RSS

Tools

Postmortem Debugging

Source Code Accompanies This Article. Download It Now.


Stefan is a software developer in Berlin specializing in cross-platform development, user interfaces, and reengineering. He can be contacted at StefanWoe@gmail.com.


Debugging applications locally is one of the most difficult tasks of software engineering. Debugging applications remotely is even more problematic. So what do you do when your application crashes at a remote client's site where you don't have a debugger? To address this problem, I developed a straightforward technique that I call "postmortem debugging" to debug program faults independently of where and when they occurred. Key to this technique is the "resymbolizing" of a stack unwind that has been stored to a log file. The technique consists of these steps:

  1. In the client application, install a handler that's called if the operating system determines a program fault or if an assert fails. This handler walks through the stack and writes the return addresses of all stack frames to a log file. This log file can then be sent via e-mail from the client to the developer.
  2. At the developer's site, invoke the MapAddr.exe utility program that reads the log file and a map file created when building the client's application. MapAddr.exe then writes a copy of the log file where it adds function names for all addresses by looking them up in the map file.

The result is a snapshot of the call stack (including function names) at the point where the program failed at the client's site; see Figure 1.

****************************************************
*** A Program Fault occurred:
*** Error code C0000005: ACCESS VIOLATION
****************************************************
***   Address: 004011B2
***     Flags: 00000000
****************************************************
*** CallStack:
****************************************************

  Fault Occurred At $ADDRESS:004011B2
                   ======== 004011B2 == belongs to ?FunctionC@@YAHHH@Z        
                          +       66 bytes
         with 64 00 00 00 10 00 00 00 2C FF 12 00 02 00 00 00 00 F0 FD 7F 

***  0 called from $ADDRESS:00401223
                   ======== 00401223 == belongs to ?FunctionB@@YAHH@Z         

                          +       67 bytes
         with 64 00 00 00 80 FF 12 00 02 00 00 00 00 F0 FD 7F CC CC CC CC 

***  1 called from $ADDRESS:0040128F
                   ======== 0040128F == belongs to ?FunctionA@@YAHXZ          
                          +       63 bytes
         with 00 00 00 00 02 00 00 00 00 F0 FD 7F CC CC CC CC CC CC CC CC 

***  2 called from $ADDRESS:00401302
                   ======== 00401302 == belongs to _main                      
                          +       66 bytes
         with 01 00 00 00 F0 2C 32 00 38 2D 32 00 00 00 00 00 02 00 00 00 

***  3 called from $ADDRESS:0040D04C
                   ======== 0040D04C == belongs to _mainCRTStartup            
                          +      252 bytes
         with 00 00 00 00 02 00 00 00 00 F0 FD 7F F0 0C 23 B2 C8 FF 12 00

Figure 1: Snapshot of a call stack.

To use this approach, all you do is:

  • Add a small source file to your application.
  • Call a function of this source file at program start that installs the handler using an appropriate OS-function.
  • Create and archive map files for all versions of your program. (Every linker can create a map file that contains the addresses of all functions and so on. Although usually disabled, it is an option you must activate. With Visual C++ 6.0, this is done in the "general" category from the Linker tab of the Projects settings.)

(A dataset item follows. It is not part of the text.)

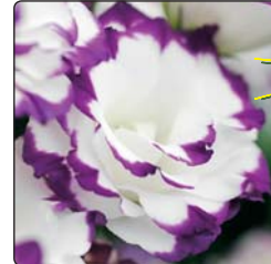
1152 Blue Pic-Gp 1

There is no need to add a library or install something additional at the client's machine. Everything you need is in the stack of the client machine and in the map file you archived.

Implementation and Sample Code

To illustrate, I present a small program (FaultApp.exe) with three functions calling each other; see Listing One. The last function, FunctionC, dereferences a bad pointer, thereby raising an access violation. (Also included are the sources for the fault handler and MapAddr.cpp.)

int FunctionC(int x, int y)
{
    char *p = (char *)0xBADC0DE; // Ummm!!, a dirty bad thing
    // Create a access violation
    char c = *p;
    return 0;
}
int FunctionB(int x)
{
    return FunctionC(x, 16);
}
int FunctionA()
{
    return FunctionB(100);
}
int main(int argc, char *argv[])
{
    InstallWin32FaultHandler();
    FunctionA();
    return 0;
}
Listing One: FaultApp, with three functions calling each other.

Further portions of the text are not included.